Служка молча поцеловал его в плечо.
...Как же нет рая на земле? Разве это не рай? В окрестностях Пскова сияло солнце и дул ровный прохладный ветер. Повозка владыки Василия покачивалась на дороге, по сторонам которой островки жёлтых калужниц сменялись коврами диких фиалок, разбегались ключи-ручейки, бьющие из-под земли, проплывали зелёные откосы холмов и глубокие овраги, заросшие ряской болота. И всюду летали, блистая прозрачными крыльями, крупные стрекозы. «Это ли не сила, не торжество жизни, невинный расцвет её одухотворения? – думал владыка. – И где же таится непостижимая, неизбежная «чёрная смерть»? Как светло, радостно, покойно!.. Где рыдания, стоны и муки несчастных? Не наваждение ли, не сон ли? Всё дышит, всё полно, доверчиво. И вдруг мигом единым обращается в тлен!.. Тайна сия выше человеческого понимания. Сколь часто, бывало, шелестели мы всуе словами и учёнейшего митрополита Феогноста сим смешили, исследовали, что там, дескать, Григорий Палама о свете Фаворском мыслит, веществен ли сей свет иль только мечтание? Какие мы дети в старости, даже и во епископстве! Нам ли рассуждать, философствовать? Вот здесь, сейчас, в этом дне, в далях синеющих, в жужжании струнном тварей летающих, в радости видеть, дышать, слышать, – не в этом ли главная истина, явленная нам Господом? Но чтобы подумать об этом и догадаться, нам нужно знать и предчувствовать, что завтра – отнимется, и станет струп вонюч и кровав, и к нему стянутся все мыслия и чувствия, и всё другое перестанет существовать для нас. Что же ты есть, человек, когда рычание плоти истребляет дух и душу твою, она бежит незнамо куда, оставляя тело в низости и презрении? Так страданием телесным всё побеждено бывает. Господи, пошли силу духа и робость отжени от меня...»

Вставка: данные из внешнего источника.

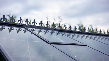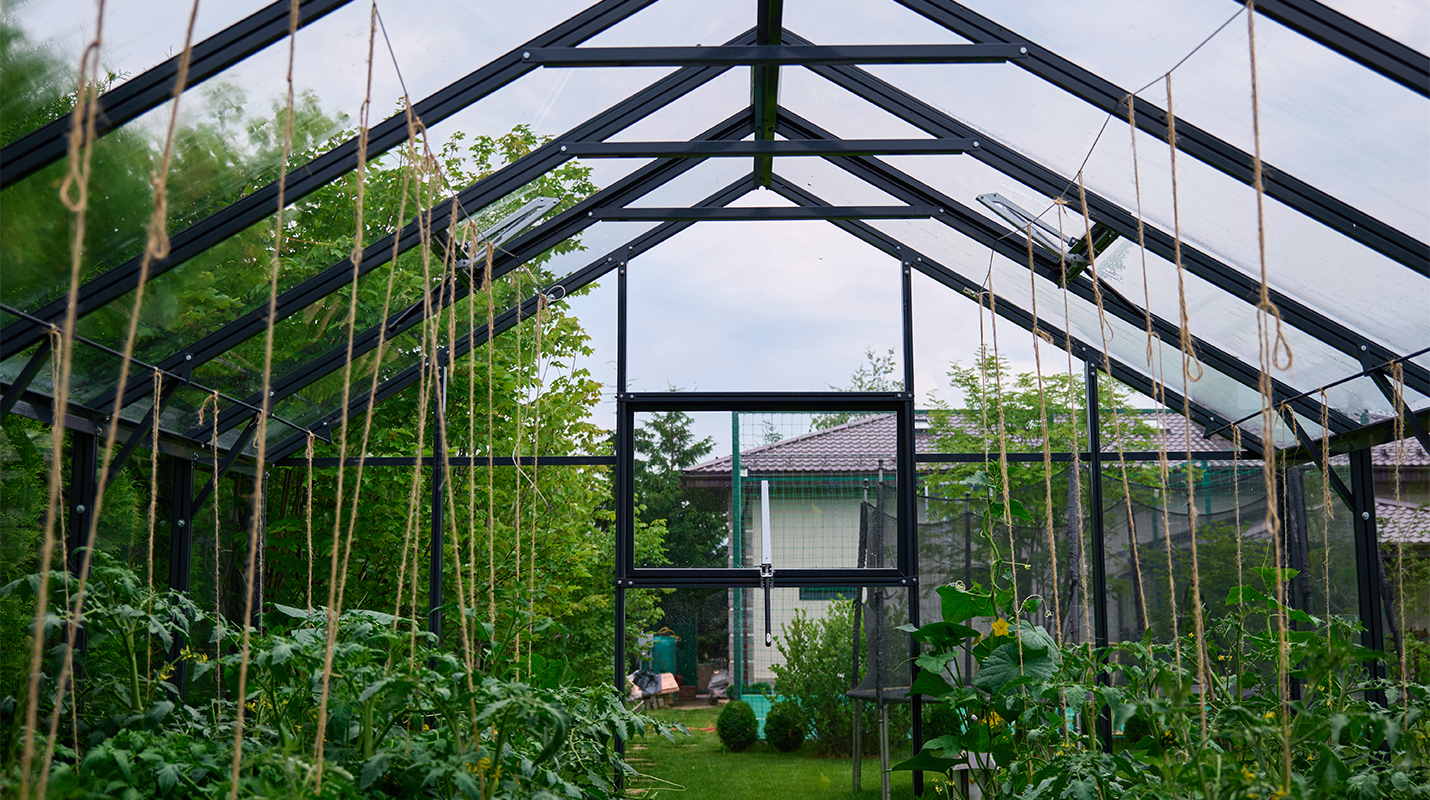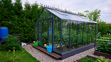 Чёткая геометрия подчёркивает строгий и собранный характер конструкции. Теплица формирует выразительный акцент на участке, сочетая архитектурную сдержанность с ощущением надёжности и продуманного пространства.
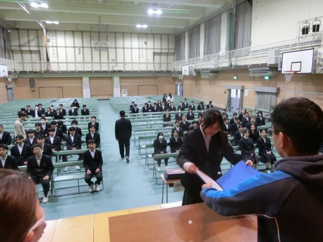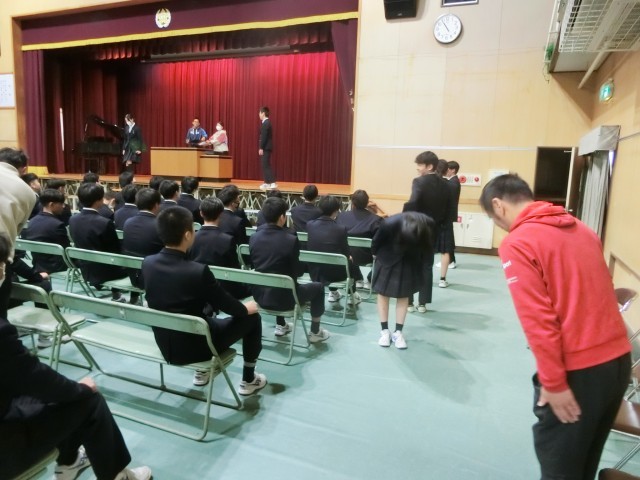 「卒業証書授与」では自席から壇上へと移動し、証書を受け取る流れを練習します。名前を呼ばれた時の返事や礼、証書を受け取るタイミングをしっかりと覚えてくださいね。
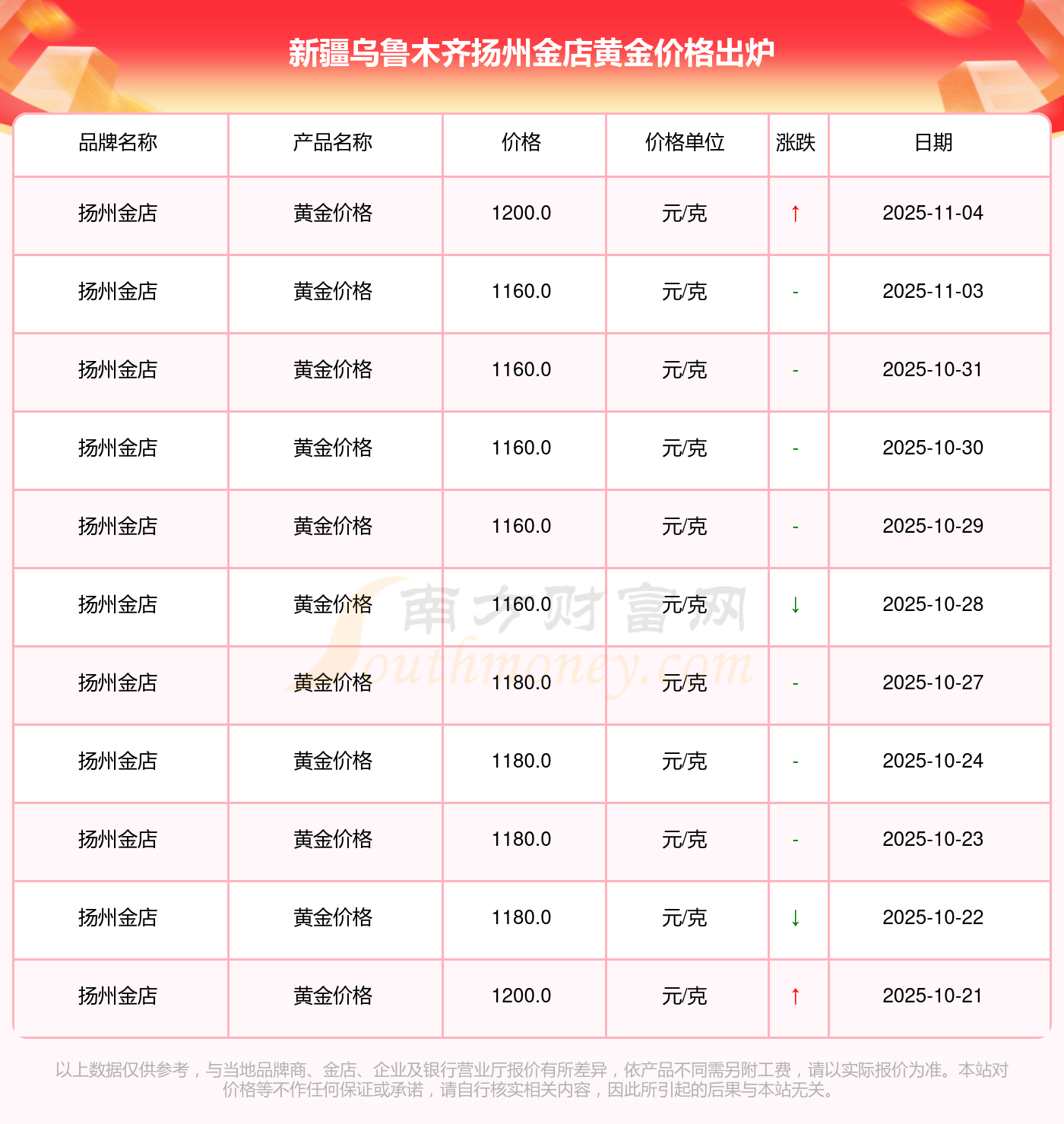 今日新疆乌鲁木齐扬州金店黄金价格公布黄金每克价值多少钱新疆乌鲁木齐扬州金店 2025年11月4日的黄金价格价位为 1200.0元/克。

На синем полотне неба, среди свежей зелени жёлтые, белые псковские храмы гляделись приветливо и радостно. Купеческие дома на каменных подзыбицах с родниками в подклетях, со стенами огромной толщины и лестницами внутри стен, с просторными гульбищами – всё было прочно, подобно крепостям, входы закрывались железными створами. Дома богачей и знати были высоки, с решётками на окнах, иные даже выше церковных куполов. Но ни в сенях, ни у ворот, ни в холодных светлицах, нигде не мелькнуло ни одного лица, ни одна собака не взлаяла на поезд архиепископа. Владыка приказал остановиться, сошёл на землю и отпрянул: у стены лежал нагой труп, неведомо чей, мужа или жёнки, не узнать, мясо распалось, обнажая кости, и смрад был велик. Зашли во двор через распахнутые кованые ворота, слабое ржание издыхающей от голода лошади донеслось из конюшни – некому было её накормить или отвязать. Белая коза е распухшим недоенным выменем злобно глядела на проезжих. Коты сидели на вереях, на заборах, молчаливые и насупленные. Только куры, мирно переговариваясь, поклёвывали траву.
– Не заходите в домы, ни к чему не прикасайтесь, – велел владыка своей побледневшей свите.
И тут же раздался испуганный бас архидьякона:
– Поберегись!
Все подняли головы. Через балясину с гульбища свешивалось руками вниз тело юницы с длинной облёванной косой, лицо и шея в багровых язвах, зубы оскалены. На среднем пальце сидел неподвижно таракан. Владыка присмотрелся: нет, не таракан – перстень такой большой из чёрного агата.
Торопливо, стараясь не озираться по сторонам, вышли со двора, прикрывая лица рукавами ряс, направились к Троицкому собору. Время близилось к вечерне. Нигде в городе не ударил ни один колокол...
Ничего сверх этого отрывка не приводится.